### What is being asked
Skip every picture, and copy exactly the lines from the one containing "Front Page UNIX" to the end of the data.

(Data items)
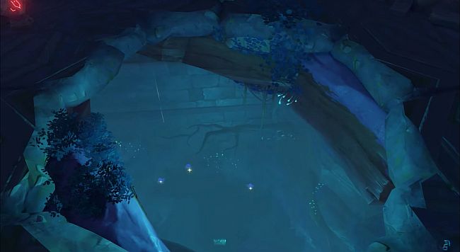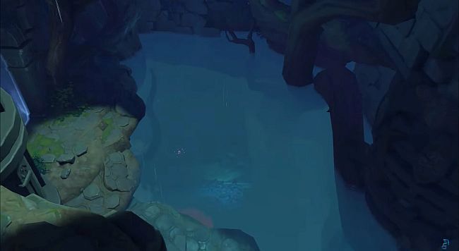 Après avoir récupéré le coffre, activez le cube à côté pour faire baisser l’eau et pouvoir descendre au fond.
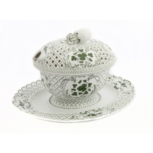Dose mit Unterschale, Voller grüner Weinkranz, weißer Rand, L 27 cm
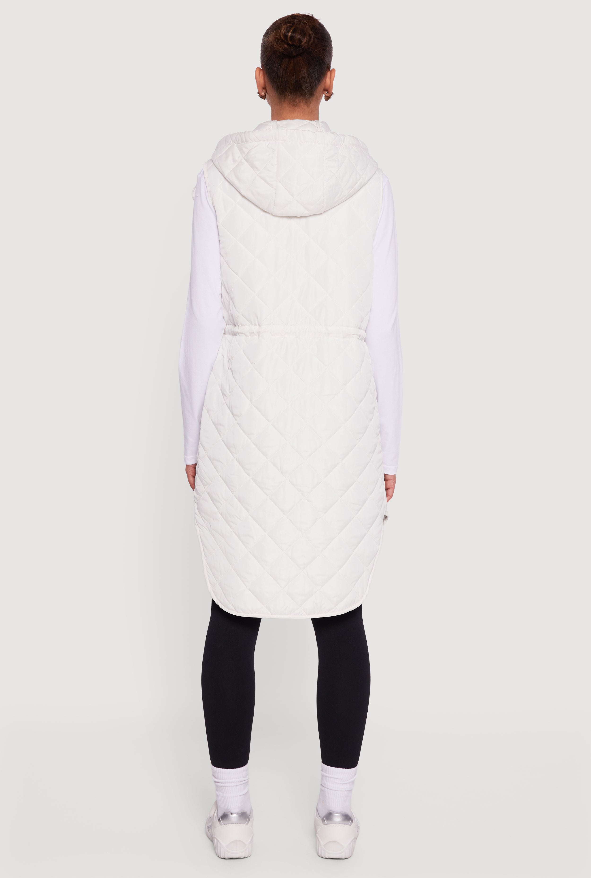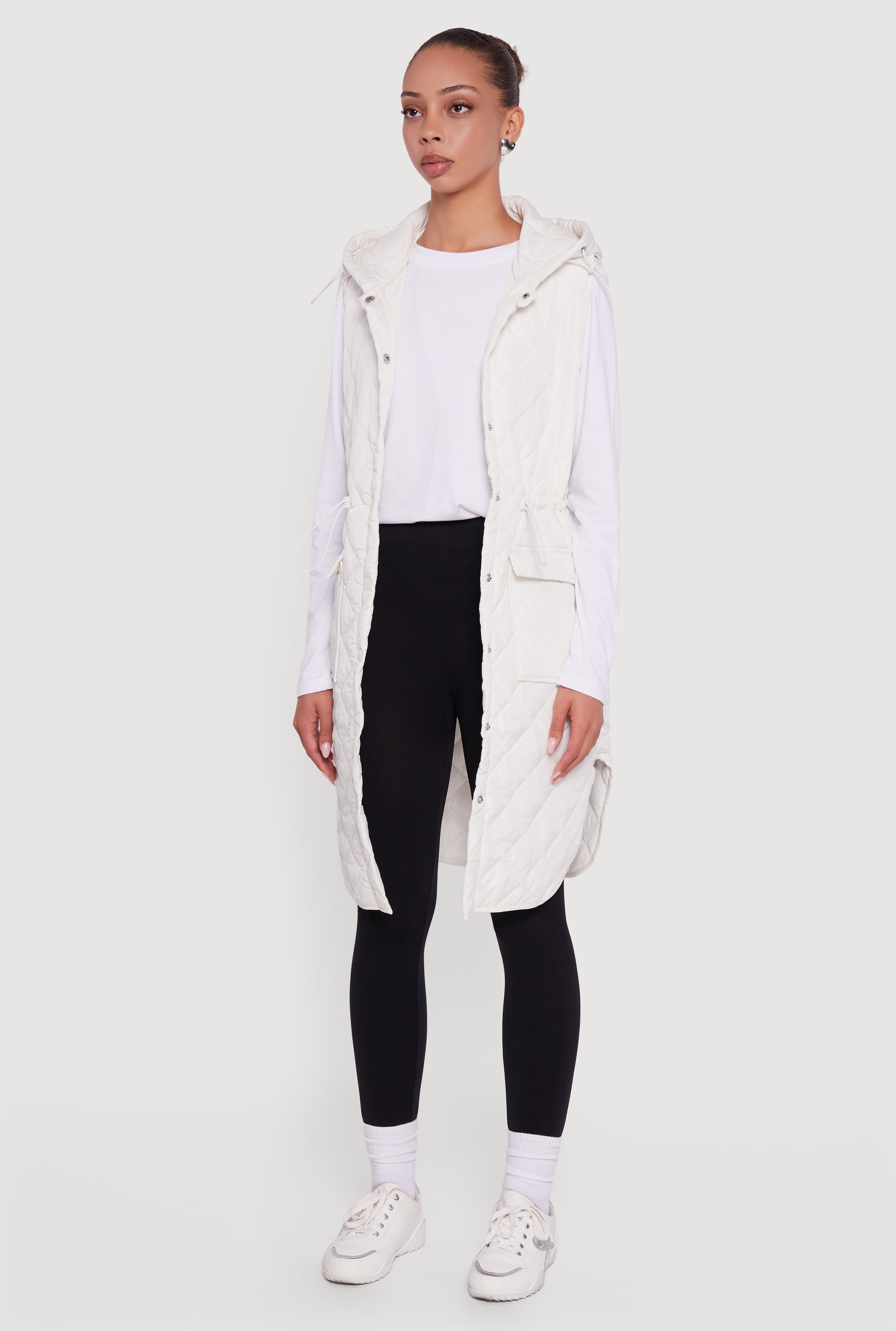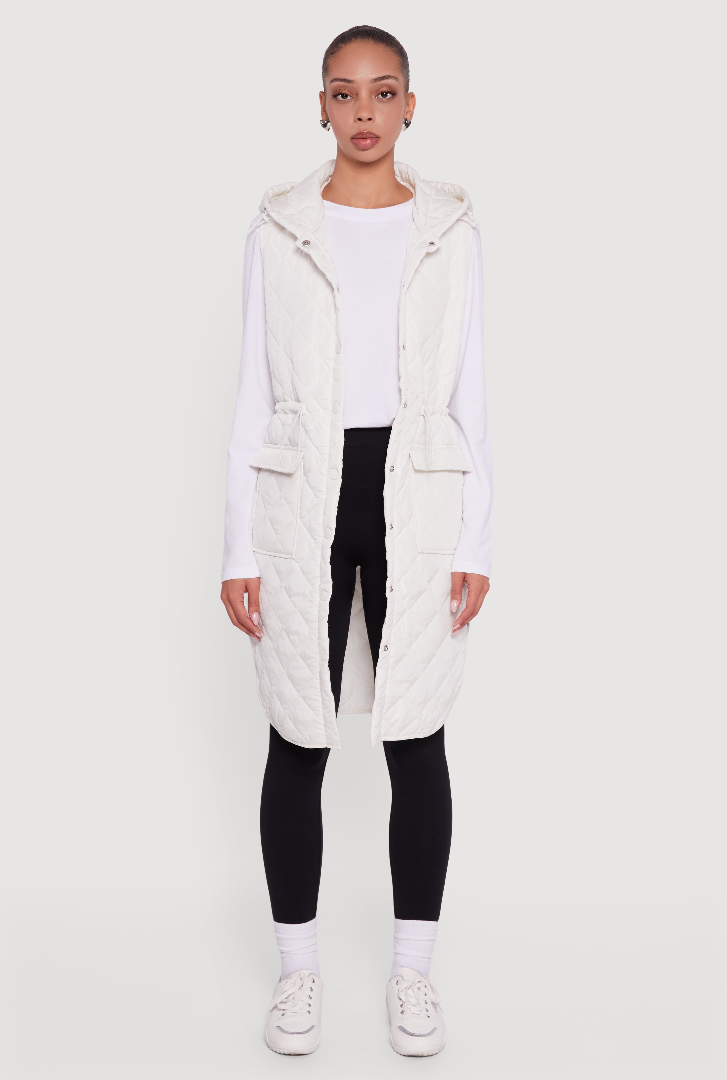 Stay cozy and stylish with the Almost Famous Quilted Hooded Long Puffer Vest, your new go-to layering piece for cooler days. This sleeveless vest features a hooded neckline and a snap button front for easy wear. The adjustable toggle drawstring waist lets you customize your fit while the side slits add a touch of effortless movement. Practical flap pockets keep your essentials close, making this vest both functional and fashionable for everyday adventures.
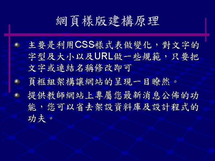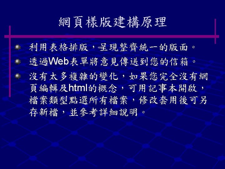Front Page UNIX Home Page 581 en 021 Slides: 21 Download presentation 建立個人 Front. Page 的方法 凡本校師生有 UNIX 作站帳號者,均可自行建立 自己的 Home Page 以帳號 581 en 021 為例 : 1. 在 sun 2. cc. ntut. edu. tw 或 sun. cc. ntut. edu. tw 之 home directory 下建立一個子目錄並命名為 public_html (即 ~581 en 021/public_html), 2. 即可在 public_html 子目錄下建自己的 Home Page 。 3. 指令說明:在 UNIX 系統中建一個子目錄可用 mkdir , 即 mkdir public_html 4. 此 Home Page 之 URL Location 為 http: //www. cc. ntut. edu. tw/~581 en 021 。 5. 建立Front. Page的方法,可參閱HTML烘培雞(這裡) YAHOO 網頁設計資訊 就是跑到這裡啦! n http: //tw. search. yahoo. com/search? ei=UTF-8&p=html
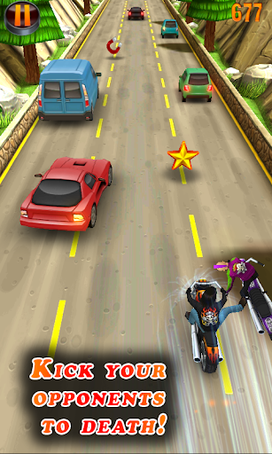 Ride your trusty moto, face rivals in the streets of the city zipping between vehicles at reckless speed and kick your opponents until they fall to the ground!
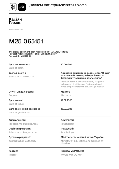 Здобув звання Магістр пихології у МАУП.
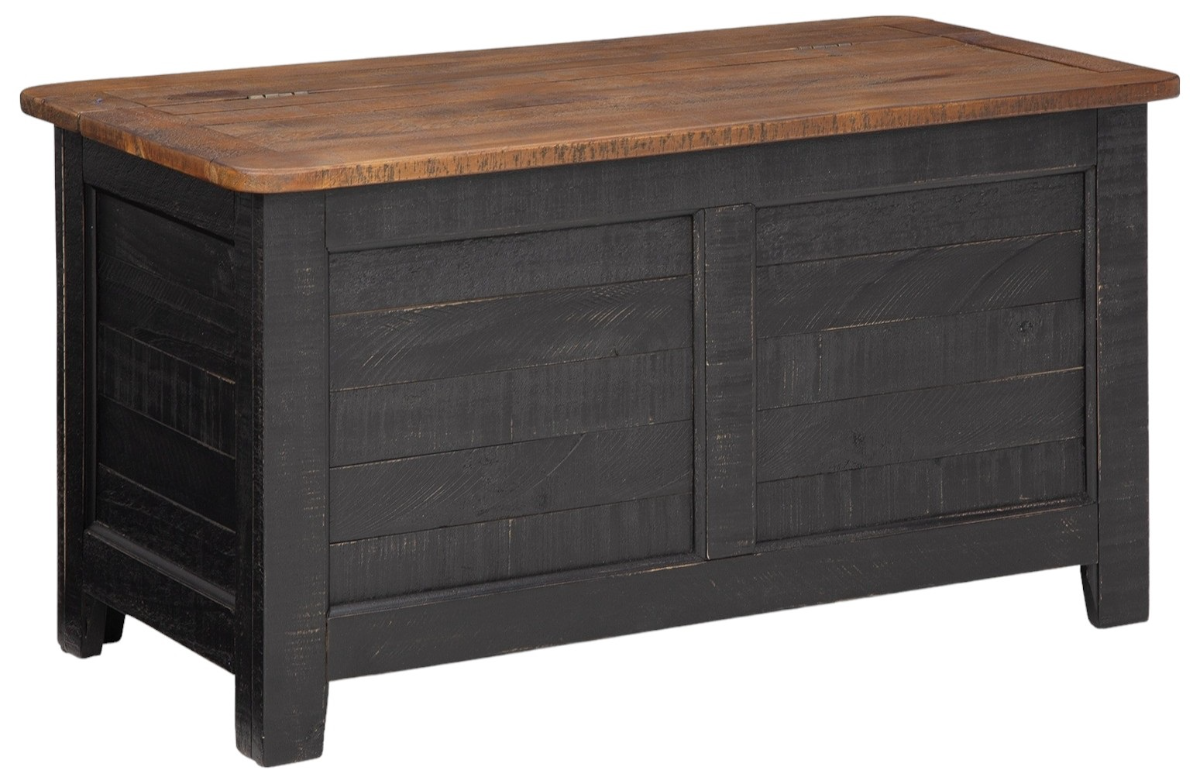 The Dashbury storage trunk is constructed of veneer, solid, and engineered woods in distressed black and brown finish. The distressed planked effect is on the front and sides. This trunk features a hinged top with storage.Read More

### Task output
Front Page UNIX Home Page 581 en 021 Slides: 21 Download presentation 建立個人 Front. Page 的方法 凡本校師生有 UNIX 作站帳號者,均可自行建立 自己的 Home Page 以帳號 581 en 021 為例 : 1. 在 sun 2. cc. ntut. edu. tw 或 sun. cc. ntut. edu. tw 之 home directory 下建立一個子目錄並命名為 public_html (即 ~581 en 021/public_html), 2. 即可在 public_html 子目錄下建自己的 Home Page 。 3. 指令說明:在 UNIX 系統中建一個子目錄可用 mkdir , 即 mkdir public_html 4. 此 Home Page 之 URL Location 為 http: //www. cc. ntut. edu. tw/~581 en 021 。 5. 建立Front. Page的方法,可參閱HTML烘培雞(這裡) YAHOO 網頁設計資訊 就是跑到這裡啦! n http: //tw. search. yahoo. com/search? ei=UTF-8&p=html
 Ride your trusty moto, face rivals in the streets of the city zipping between vehicles at reckless speed and kick your opponents until they fall to the ground!
 Здобув звання Магістр пихології у МАУП.
 The Dashbury storage trunk is constructed of veneer, solid, and engineered woods in distressed black and brown finish. The distressed planked effect is on the front and sides. This trunk features a hinged top with storage.Read More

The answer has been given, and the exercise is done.